Inilah yang disebut digital emotional contagion.
Begitu banyak konten absurd sengaja dibuat dengan
gaya yang nyeleneh demi memicu reaksi instan. Dan karena emosi
menyebar lebih cepat daripada logika (Kramer dkk., 2014), konten semacam
ini pun lebih mudah viral dibanding konten yang penuh makna.
Dalam Islam, ada satu prinsip sederhana tapi dalam maknanya. Nabi Muhammad ﷺ bersabda:
“Di antara tanda baiknya Islam seseorang adalah meninggalkan apa yang tidak bermanfaat.” (HR. Tirmidzi no. 2317).
Ini
bukan larangan untuk tertawa atau menikmati hiburan. Tapi lebih ke
arah kesadaran. Sebuah pengingat lembut yang seolah bertanya,“Kamu
habiskan waktu buat ini… manfaatnya apa, ya?”
Bukan
berarti hiburan itu salah. Justru sebaliknya, kita semua butuh jeda. Butuh
tertawa. Butuh santai. Tapi ada satu benang merah yang bisa kita
pegang: hiburan seharusnya menyegarkan, bukan membuat kita kehilangan
arah. Bukan membuat kita terbiasa dengan hal-hal yang kosong makna.
Kita
hidup di zaman di mana konten datang silih berganti, kadang makin absurd, makin
singkat, makin cepat. Tapi di tengah banjir distraksi ini, kita tetap punya
pilihan. Kita bisa tetap tertawa, tapi dengan sadar. Kita bisa menikmati, tapi
juga tahu kapan harus berhenti.
Mungkin
nggak semua hal yang muncul di layar perlu diikuti sampai habis. Karena pada
akhirnya, ini bukan soal melarang diri untuk bersenang-senang, tapi soal
menyadari apa yang layak kita beri tempat dalam pikiran dan waktu kita.
Referensi:
https://pin.it/5K9FgMRfg
Al-‘Utsaimin, M. S. (1425 H). Syarḥ al-Arbaʿīn al-Nawawiyyah (Cet. ke-3). Dar Ats-Tsurayya.

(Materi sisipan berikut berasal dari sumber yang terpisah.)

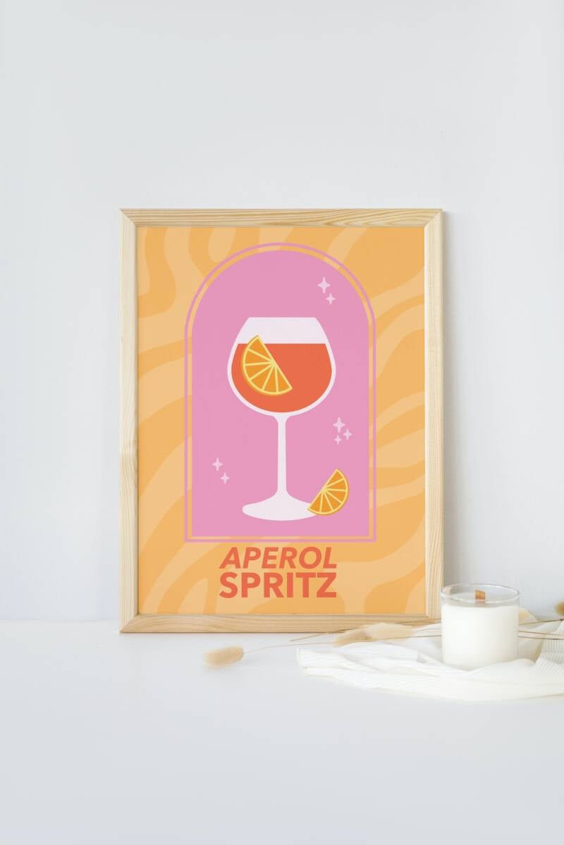 Breng kleur en stijl in je interieur met deze prachtige Aperol Spritz cocktailposter, beschikbaar in twee formaten. Ideaal om een vleugje flair toe te voegen aan je keuken, woonkamer of studentenkamer.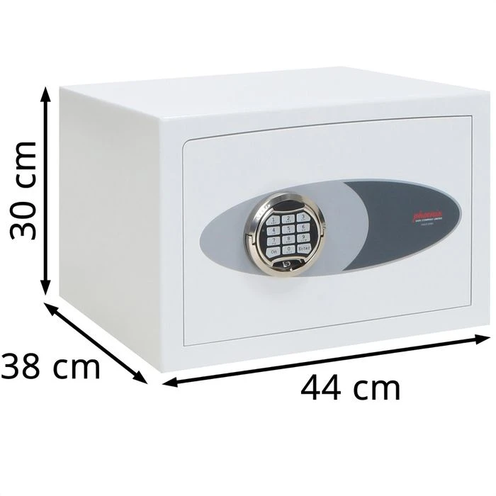 sonstiges: Versicherungsschutz bis 65.000,-€ (privat) bzw. 20.000,-€ (gewerblich) möglich, Hochsicherheitsschloss der VdS-Schlossklasse 1, dreiseitige Verriegelung durch 24 mm starke Riegelbolzen, doppelwandige Konstruktion, 10 mm massive, lasergeschnittene Tür mit innenliegenden Bändern, herausnehmbarer Fachboden, geeignet für die Aufbewahrung von Dokumenten aus Papier und Wertgegenständen sowie Speichermedien, zugelassen als Betäubungsmittel-Tresor und für die Aufbewahrung von Handfeuerwaffen, entspricht dem Deutschen Waffengesetz §36

Kramer, A. D. I., Guillory, J. E., & Hancock, J. T. (2014). Experimental evidence of massive-scale emotional contagion through social networks. Proceedings of the National Academy of Sciences, 111(24), 8788–8790. https://doi.org/10.1073/pnas.1320040111
Tabatabaei, O., Saadatmand, M., Moradipour, S., & Mohammadi, M. (2023). Social media, memes, and digital emotional contagion: Critical thinking and emotional intelligence for digital citizenship education. IGI Global.